Gemma 4 Is Running On Phones Now and I Don't Think People Realise How Mental That Is
3GB of Intelligence in Your Pocket 📱
So someone on Instagram posted a video of an LLM running on their phone. No internet. No API calls. No cloud. Just a model sitting on the device, answering questions, understanding images, processing audio. Offline. On a phone.
That's Google's new Gemma 4. Dropped April 2nd. Four model sizes, all open weight, Apache 2.0 licensed. The one that matters for this conversation is the E2B (Effective 2 Billion parameters), which is small enough to run on a phone and fast enough to actually be useful. Google built it from the same research behind Gemini 3, then squeezed it down for edge devices.
The comments on the post split exactly how you'd expect. Half the replies are "that's insane 🔥" and the other half are "battery go bye 😂". Both camps are right.
Why This Is Actually A Big Deal
I've been mucking about with local models for a while. Ollama on the Mac. The occasional experiment with llama.cpp on a beefy Linux box. But running a properly capable multimodal model on a phone, offline, with decent latency? That's new.
The E2B model handles text, images, video, and audio. All four modalities. On device. The E4B (slightly larger) does the same but slower. Google says the E2B runs 3x faster than the E4B, which tracks because fewer parameters means less compute per inference.
These are the foundation for the next generation of Gemini Nano, so anything you build against Gemma 4 today will work on Gemini Nano 4 devices later this year. That's the play. Google wants developers building on this stack now so the apps are ready when the phones ship.
The Privacy Angle (and the Irony)
Here's where it gets interesting. A local LLM means nothing leaves your phone. Your prompts, your documents, your photos, your voice. All processed on device. No server roundtrip. No data collection endpoint. No "we use your inputs to improve our models" clause.
Which is a properly compelling privacy story. The irony, of course, is that it's a Google model. The company whose entire business model is built on knowing everything about you has shipped a model that explicitly keeps everything on your device. I reckon the cynical take is that they want the ecosystem lock-in even if it means giving up the data pipeline.

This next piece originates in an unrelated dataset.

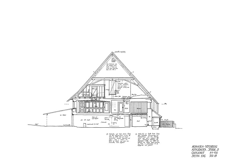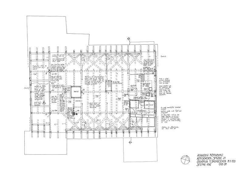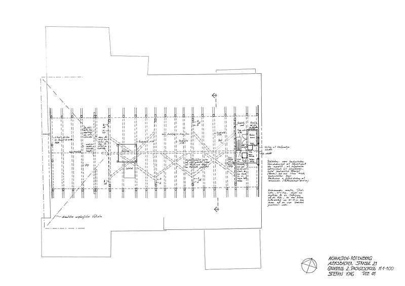 Das Dachwerk besteht aus einem liegenden Stuhl aus drei Bünden und einer mittleren Ständerreihe im 1. Dachgeschoss sowie vier liegenden Bünden im 2. Dachgeschoss. Im 1. Dachgeschoss sorgen Spannriegel und Kopfstreben für eine Queraussteifung. Nach Osten bestand ein Giebeldreieck, nach Westen ein Vollwalm.
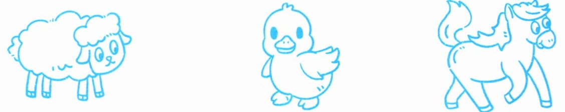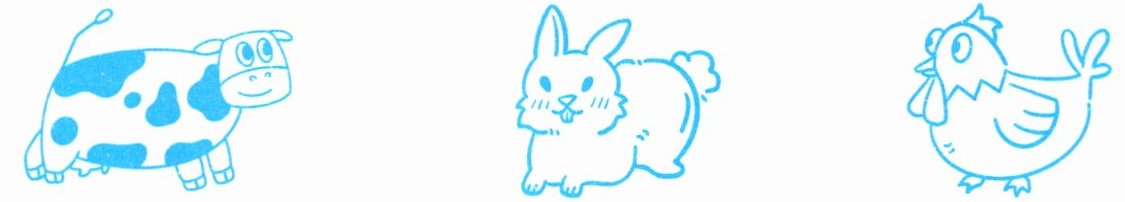 1.a grey rabbit 2.a yellow chicken 3.a white sheep 4.a yellow duck 5.a brown horse

The charitable take is that on-device AI is the future and they'd rather be the foundation than the also-ran.
Either way, if privacy matters to you (and it should), running Gemma 4 locally via something like PocketPal or Ollama mobile is the move.
What You Can Actually Do With It
The practical use cases for a 3GB on-device model are more interesting than the benchmarks.
Offline coding assistance on a tablet. Document analysis without uploading sensitive files to a cloud service. Real-time translation in places with no signal. Voice transcription that never leaves the device. Image understanding for accessibility when you've got no data connection.
For developers specifically, imagine baking this into a mobile app. An on-device AI assistant that works on a plane, in the underground, in a basement with no wifi. No API costs. No latency spikes. No "please check your internet connection." Just inference, running locally, at whatever speed the chip can manage.
The Hardware Question
This matters more than people reckon. If you're on an iPhone, A16 or A17 chip makes a real difference for which model size you can run comfortably. The E2B is the safe bet for most devices. The E4B will work but you'll feel it in the heat on your palm and the battery percentage dropping.
On Android, the AICore Developer Preview gives you native integration. Google's clearly pushing this as part of the Android platform, not just a standalone model download. Which means optimised inference, better memory management, and presumably less battery murder than running it through a generic runtime.
| 📚 Geek Corner |
|---|
| Mixture of Experts on your phone: The larger Gemma 4 models (26B MoE and 31B Dense) are for servers and workstations. But the architecture choice matters even for the small ones. The E2B uses Google's "effective parameter" approach, which means the actual parameter count in the weights file is larger than 2B but the active parameters per inference step are equivalent to a 2B model. Think of it as a bigger brain that only activates the relevant bits for each query. This is why a "2B" model can punch above its weight class on benchmarks. It's also why the file size (~3GB) is larger than you'd expect from a naive "2 billion parameters at 2 bytes each = 4GB" calculation, the quantisation and architecture mean the relationship between parameter count, file size, and capability is non-linear. |
The Bigger Picture
We're watching the "AI needs a data centre" narrative fall apart in real time. Six months ago, running a multimodal model on a phone was a party trick for enthusiasts willing to tolerate ten-second response times. Now Google is shipping models explicitly designed for it, with Android platform integration, and they're telling developers to build apps against it.
The phones in our pockets are becoming inference engines. And the models are getting small enough to actually be useful there. That's not a benchmark improvement. That's an architecture shift.
Bottom line: Gemma 4 on device is the quiet announcement that matters more than most people reckon. A 3GB model with multimodal capabilities running offline on your phone, processing your data without it ever leaving the device. The battery life concerns are real. The privacy story is compelling (even from Google, yes). And the developer implications are massive if you're building anything that needs to work without an internet connection.